You can also add interruptions deterministically at set intervals. The example below will put an attention check after the first and third trial.

 sequence: {
components: [
'introduction',
'consent',
{
components: [
'trial1',
'trial2',
'trial3',
'trial4'
],
order: 'latinSquare',
interruptions: {
spacing: 2,
firstLocation: 1,
components: ['myAttentionCheckComponent']
}
},
'post-survey'
],
order: 'fixed'
}

Skip Logic

Some studies need more advanced sequencing logic, based on a participant's response to previous questions. For example, a participant should only be shown a second, simpler task if they got a first, difficult task wrong. This is possible to implement in reVISit sequences with the skip object.
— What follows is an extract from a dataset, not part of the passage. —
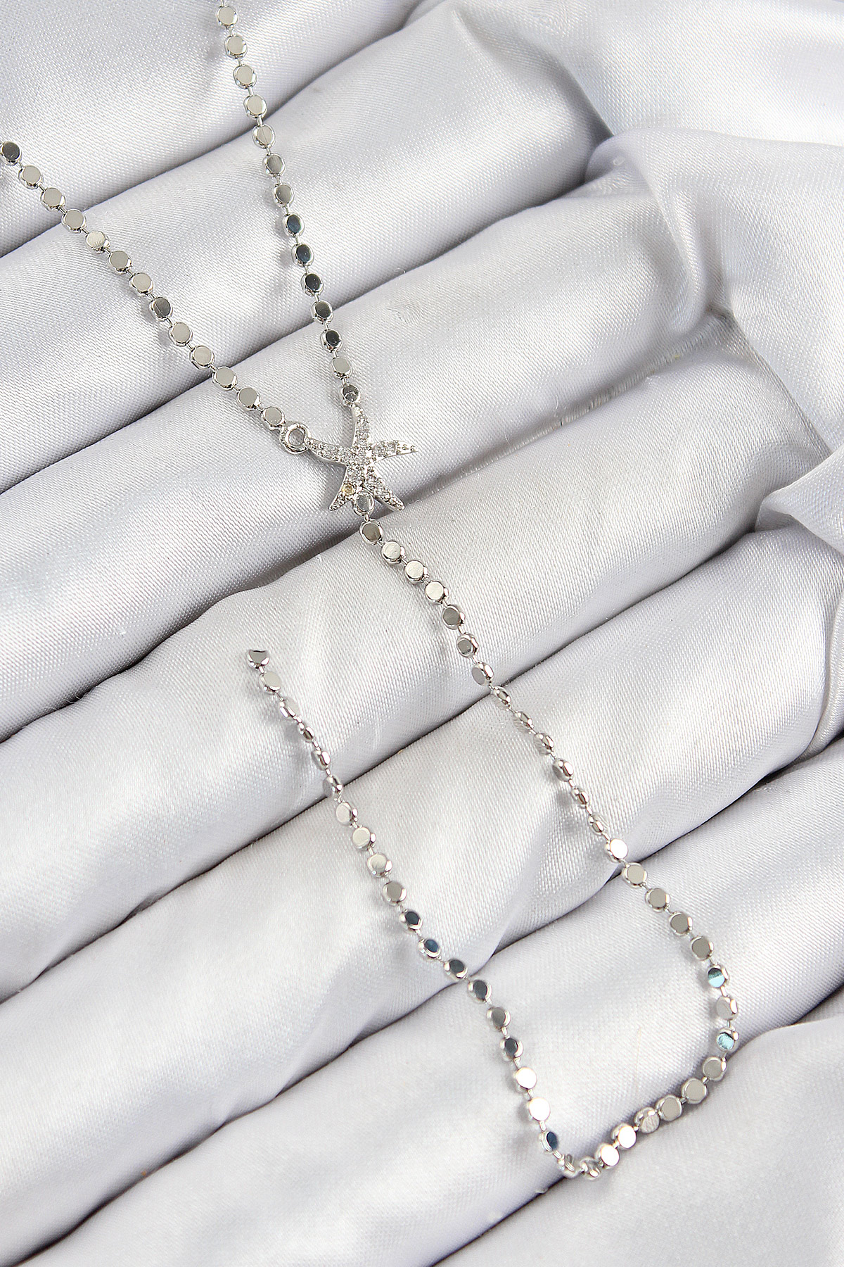 Pirinç Zirkon Taşlı Ezme Zincirli Deniz Yıldızı Model Gümüş Renk Y Kolye - TJ-BKO10466

The example below will jump straight to end if the consent form is answered with anything but yes to the field consentApproval, meaning the participant did not approve of the consent form. All skip conditions require labeling any components that you want to jump to with your own id, except for they keyword end, which always jumps to the default final component of the study.

 sequence: {
components: [
'introduction',
{
components: ['consent']
'skip': {
'name': 'consent',
'check': 'response',
'responseId': 'consentApproval',
'value': 'yes',
'to': 'end'
}
order: 'fixed'
}
'trial1',
'trial2',
'trial3',
'trial4',
'post-survey'
],
order: 'fixed'
}

To check if multiple components are correct, for example that all attention checks were correct, you can do the following:

 sequence: {
components: [
'introduction',
'consent',
{
components: [
'trial1',
'trial2',
'trial3',
'trial4'
],
order: 'latinSquare',
interruptions: {
spacing: 2,
firstLocation: 1,
components: ['myAttentionCheckComponent']
},
skip: {
'name': 'myAttentionCheckComponent',
'check': 'responses',
'to': 'end'
}
},
'post-survey'
],
order: 'fixed'
}

This example will go through every component named myAttentionCheckComponent, and if any response is incorrect, jump immediately to end.
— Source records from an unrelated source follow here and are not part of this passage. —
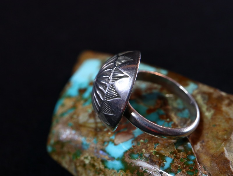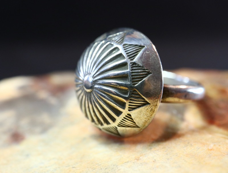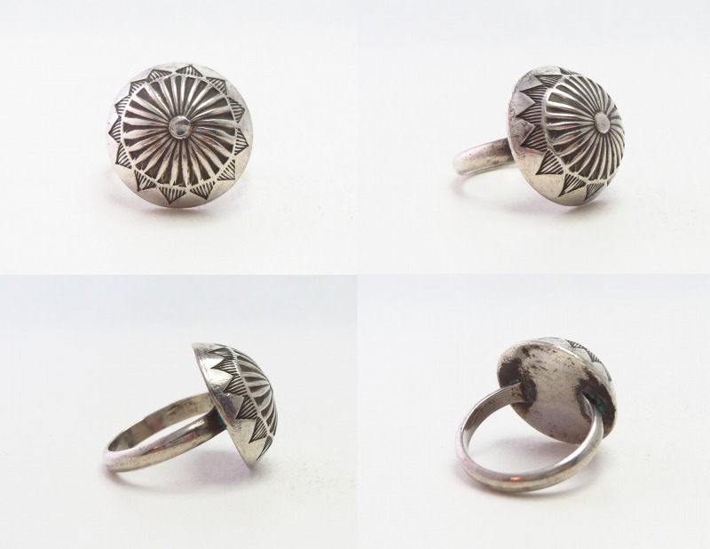 また、シルバービーズの球体や本作の様な半球体のコンチョは『ナバホパール』や『デザートパール』とも呼ばれ、インディアンによる『パールリング/真珠の指輪』と云えるスペシャリティを持ったリングとなっています。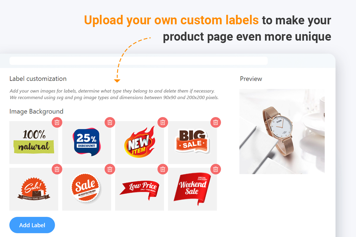 How can you highlight your store’s special offers? How to show off your best sellers? How to tell your potential customers about the new arrivals? There is one answer to all these questions: add labels to the product images! Attracting your store visitors at once, these small icons are highly likely to influence their buying decisions, so no one will go away without a purchase.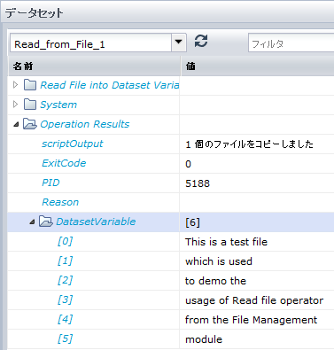 以下の図で示されるように、ファイル コンテンツが配列として使用可能です。

You can also wait until multiple attention checks have been answered incorrectly to jump to end with the repeatedComponent check.

 sequence: {
components: [
'introduction',
'consent',
{
components: [
'trial1',
'trial2',
'trial3',
'trial4'
],
order: 'latinSquare',
interruptions: {
spacing: 2,
firstLocation: 1,
components: ['myAttentionCheckComponent']
},
skip: {
'name': 'myAttentionCheckComponent',
'check': 'repeatedComponent',
'condition': 'numIncorrect',
'value': 2,
'to': 'end'
}
},
'post-survey'
],
order: 'fixed'
}

You can also use skip to jump around within your study. The example below skips the block hardQuestions if the participant gets both questions wrong in easyQuestions.

 sequence: {
components: [
'introduction',
'consent',
{
components: [
'trial1',
'trial2',
],
order: 'latinSquare',
id: 'easyQuestions'
skip: {
check: 'block',
condition: 'numIncorrect',
value: 2,
to: 'moreEasyQuestions'
}
},
{
components: [
'trial3',
'trial4'
],
order: 'latinSquare',
id: 'hardQuestions'
},
{
components: [
'trial5',
'trial6',
],
order: 'latinSquare',
id: 'moreEasyQuestions'
},
'post-survey'
],
order: 'fixed'
}

After jumping to moreEasyQuestions, the sequence will continue as if you had gotten there naturally, so will continue on to post-survey afterwards.